Te Whatu Ora released the $105m figure to RNZ on Friday afternoon after a series of leaks about which health districts faced what targets. The savings ordered range from 0.6 percent to 1.2 percent of a district's budget.

Health NZ was funded almost $23 billion for 2023-24.

Health unions have warned the constraints will impact medical care, a claim denied by Health NZ and Health Minister Shane Reti.

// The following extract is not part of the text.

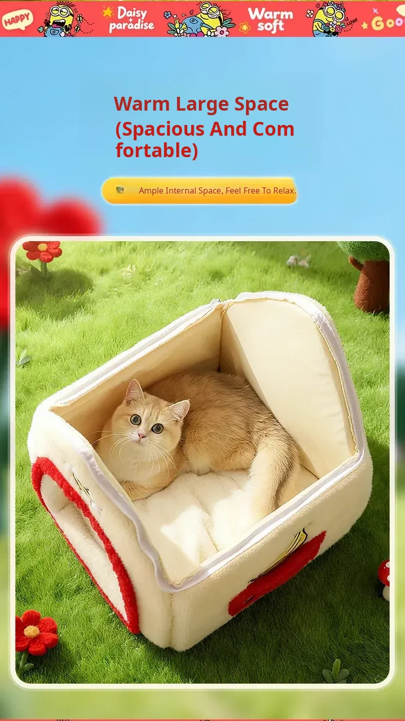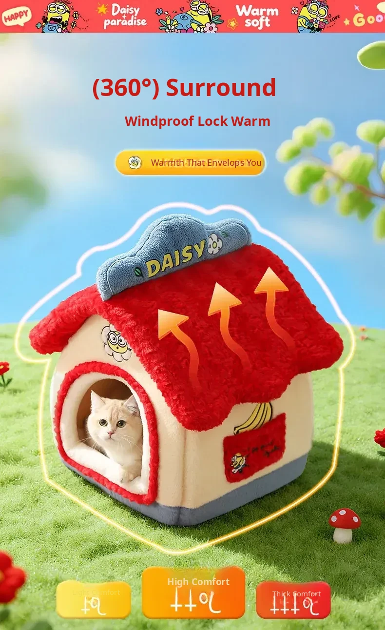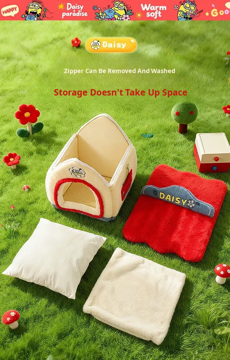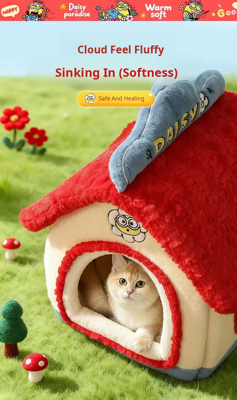 Cozy Thickened Winter Cat Bed - Enclosed Minion Style, Warm and Comfortable Cat House for Cats and Small Dogs, Perfect for Winter Snuggles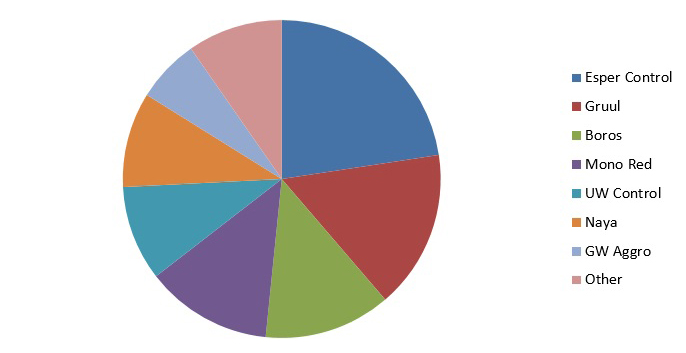 This past weekend, all eyes were on Worcester for a taste of what the Standard metagame would look like in the coming months. As it turned out, the top decks were a mix of blue-based control, red-based aggro, and a smattering of green-based midrange. Here’s what the breakdown of the Top 32 decks looked like:

Various government departments and ministries have been ordered to slash their budgets by up to 7.5 percent, cuts which the opposition said were being made to fund tax cuts for the likes of landlords.

"Health NZ is not subject to the same government directive for savings as some other departments," Reti said on Friday.

"These are operational decisions made by Health NZ, not the government. What Health NZ is doing is finding ways to reduce spending by making day-to-day operational practices as efficient as possible so they can re-invest in the frontline.

"I have been assured that managing clinical risk and sustaining services is always Health NZ's top priority. None of these cost-saving measures will impact the level of care patients receive."

Campbell was sacked from the Te Whatu Ora board last year over a political attack he made about the National Party's Three Waters policy.